Defense Secretary Chuck Hagel and Navy Adm. James A. Winnefeld Jr., vice chairman of the
Joint Chiefs of Staff, brief reporters.


The Pentagon is building two sets of budgets for the 2015-2019 defense plan. One at the level proposed by President Obama, and another that lops off $52 billion per year in accordance to the Budget Control Act.

The exercise is one of the outcomes of the Strategic Choices and Management Review, or SCMR, that Defense Secretary Chuck Hagel kicked off four months ago to help prepare the Pentagon for the likelihood that it will have to slash spending by $500 billion between now and  2021. The review looked at how the Pentagon might absorb the first half of the BCA-mandated reductions.

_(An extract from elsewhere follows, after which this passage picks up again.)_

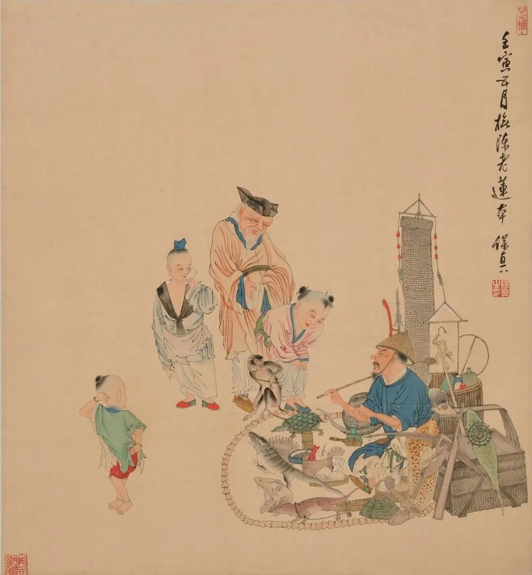 临陈老莲《卖药图》 47x51cm 绢本 1962年
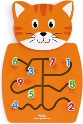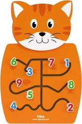 Fából készült macska labirintusokkal, a számok mozgatásához és a finommotorika fejlesztéséhez.

Hagel unveiled the results of the study July 31 at a Pentagon news conference. He said he supports the president’s budget proposal but recognized that it is becoming an increasingly unrealistic scenario.

“Sequestration will continue in the absence of an agreement that replaces the Budget Control Act,” Hagel said.

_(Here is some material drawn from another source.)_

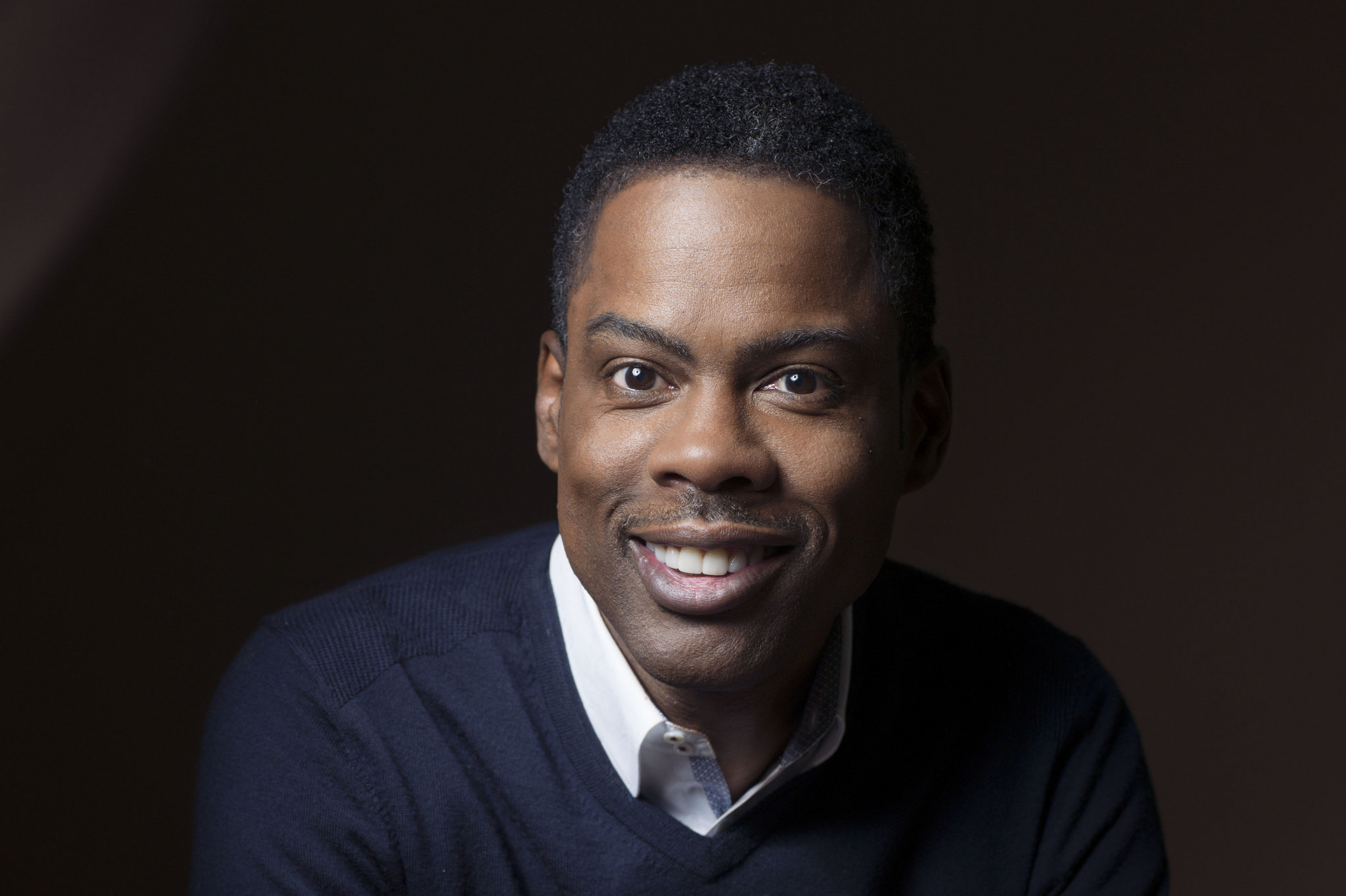 Description: A man with a mustache and a sweater on smiling for a picture in a dark room with a black background.

The SCMR did not produce a detailed budget blueprint. “That was not the purpose of this review,” he said. “It generated a menu of options, not a set of decisions.”

The review concluded that, under sequestration, dramatic reductions would not be made proportionally across the military services but would be “informed by strategy,” Hagel said.

“We can strategically reduce the size of our ground and tactical air forces, even beyond the current drawdown," he said. More analysis will be required before these decisions are made, but there is clearly excess capacity in ground and air forces, he said. The current plan is for the Army to downsize to 490,000 active-duty troops and 555,000 in the reserves. The SCMR concluded that, under sequestration, the Army might have to slim down further, to between 380,000 and 450,000 in the active component and between 490,000 and 530,000 in the reserves. The Air Force might have to reduce as many as five tactical aircraft squadrons, retire bombers and cut the size of the C-130 cargo aircraft fleet with “minimal risk,” said Hagel. The Navy could see its carrier strike groups drop from 11 to eight or nine, and the Marine Corps could shrink from 182,000 to between 150,000 and 175,000.

Deep budget cuts demand that “we trade away size for high-end capability,” he said. “We would protect investments to counter anti-access and area-denial threats, such as the long range strike family of systems, submarine cruise-missile upgrades, and the Joint Strike Fighter,” said Hagel. “And we would continue to make cyber capabilities and special operations forces a high priority.”

Hagel already has directed the military services and civilian agencies to slash overhead costs and reduce staff by 20 percent, which could save $2 billion per year. Proposed changes to military compensation, health care and base closures could add up to $150 billion in savings over a decade. But that does not come close to meeting the sequestration threshold. “The reality is that cuts to overhead, compensation, and forces generate savings slowly,” Hagel said. “With dramatic reductions in each area, we do reach sequester-level savings, but only towards the end of a 10-year timeframe. Every scenario the review examined showed shortfalls in the early years of $30 billion to 35 billion.”

These shortfalls will be even larger if Congress is unwilling to enact changes to compensation or adopt other management reforms and infrastructure cuts that the administration proposed for fiscal year 2014, he said.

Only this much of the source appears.